Use this checklist when deciding whether DataMuru is ready for your team, workspace, or enterprise pilot. It separates product fit, technical readiness, and operational risk so evaluation does not collapse into a single demo.

1. Confirm the evaluation goal

Choose one primary goal for the first test:

  • Local workflow evaluation: validate configuration, plans, state, saved plans, and CLI behavior without cloud access.
  • Databricks workspace smoke test: connect a workspace and create a small catalog/schema target.
  • Governance smoke test: compile RBAC into Unity Catalog grants for an existing principal.
  • Brownfield review: discover existing catalogs and generate reviewable YAML.
  • Enterprise identity pilot: test managed groups or memberships in a sandbox account with account SCIM support.

Avoid testing every capability in one first run.
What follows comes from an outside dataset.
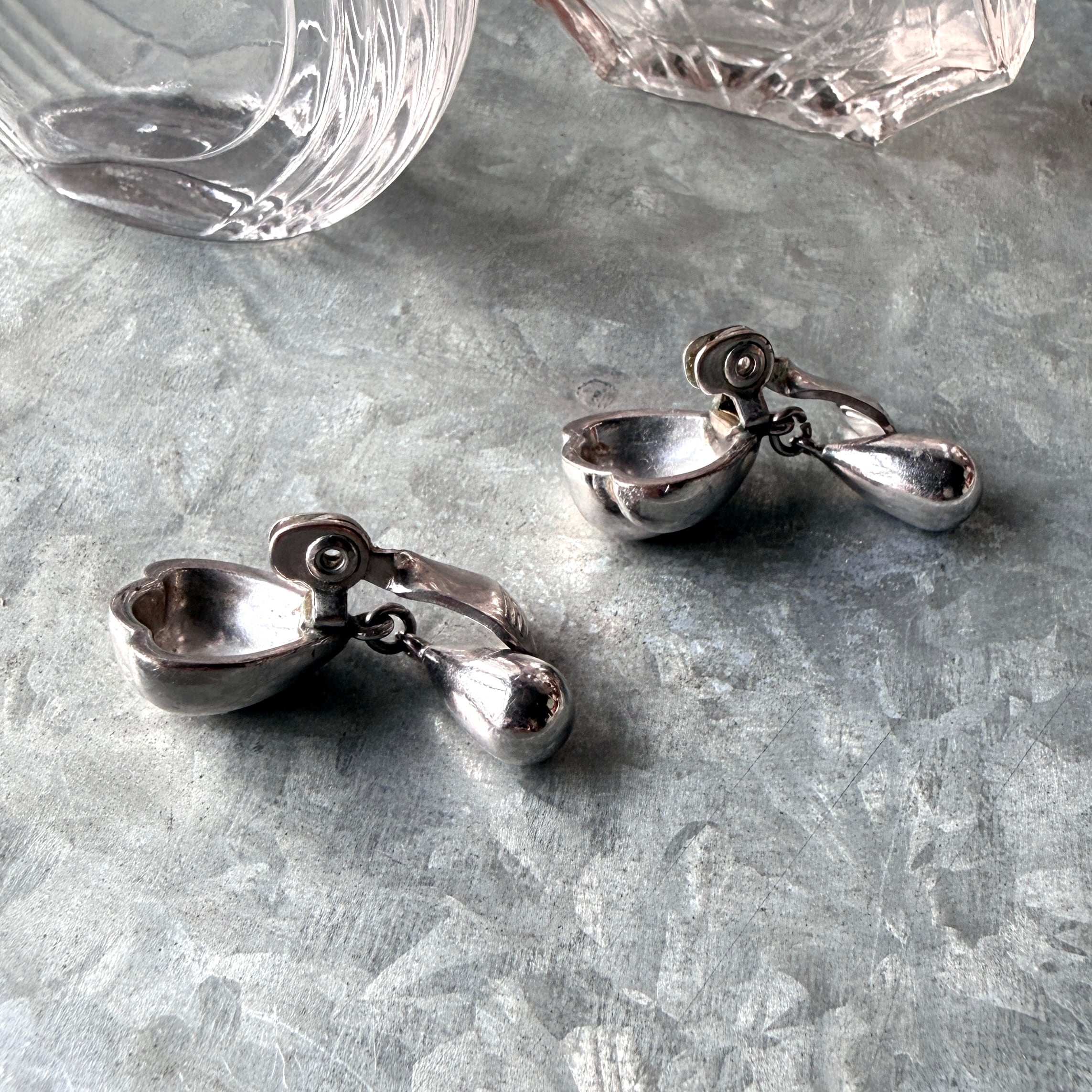YM197-【 Monet 】モネ・ヴィンテージイヤリング 1960〜70's PAT.D Silver Tone Puff Heart Drop Clip Earrings

A focused test produces clearer evidence and safer cleanup.

2. Prepare the environment

Area Required decision
Python Use Python 3.11 through 3.13.
Package Install the pinned alpha version datamuru==0.5.1a0.
Workspace Use a sandbox Databricks workspace or a throwaway catalog.
Credentials Use environment variables, not committed YAML.
State Start with local state until the workflow is understood.
Execution mode Start in state-only or live-readonly; use live-apply only for reviewed targets.

3. Minimum success criteria

A healthy first evaluation should produce:

  • datamuru validate --strict succeeds;
  • datamuru doctor reports a reachable workspace in live modes;
  • datamuru plan --target ... contains only expected resources;
  • datamuru apply --target ... --auto-approve succeeds for the test target;
  • a follow-up plan is idempotent;
  • errors, if any, include a DataMuru error code and actionable suggestion;
  • cleanup instructions are known before live resources are created.

4. Evidence to capture

Keep a small evidence folder for the evaluation:

  • package version and install command;
  • sanitized provider config;
  • sanitized doctor --output json;
  • targeted plan output;
  • apply output;
  • follow-up idempotent plan output;
  • cleanup or destroy result;
  • gaps found and whether they are OSS, Enterprise, Databricks, or process gaps.

Do not store tokens, private workspace URLs, customer data, or full account IDs.

5. Decision outcomes

At the end of evaluation, classify the result:

  • Proceed: the tested flow is safe enough for a larger sandbox pilot.
  • Proceed with constraints: the flow works, but requires documented guardrails, permissions, or account features.
  • Defer: a required capability is still roadmap or needs Enterprise support.
  • Do not use for this workflow yet: the workflow requires unsupported provider behavior, transactional rollback, or production state backends.

Document the decision next to the test evidence so the next team does not repeat the same discovery work.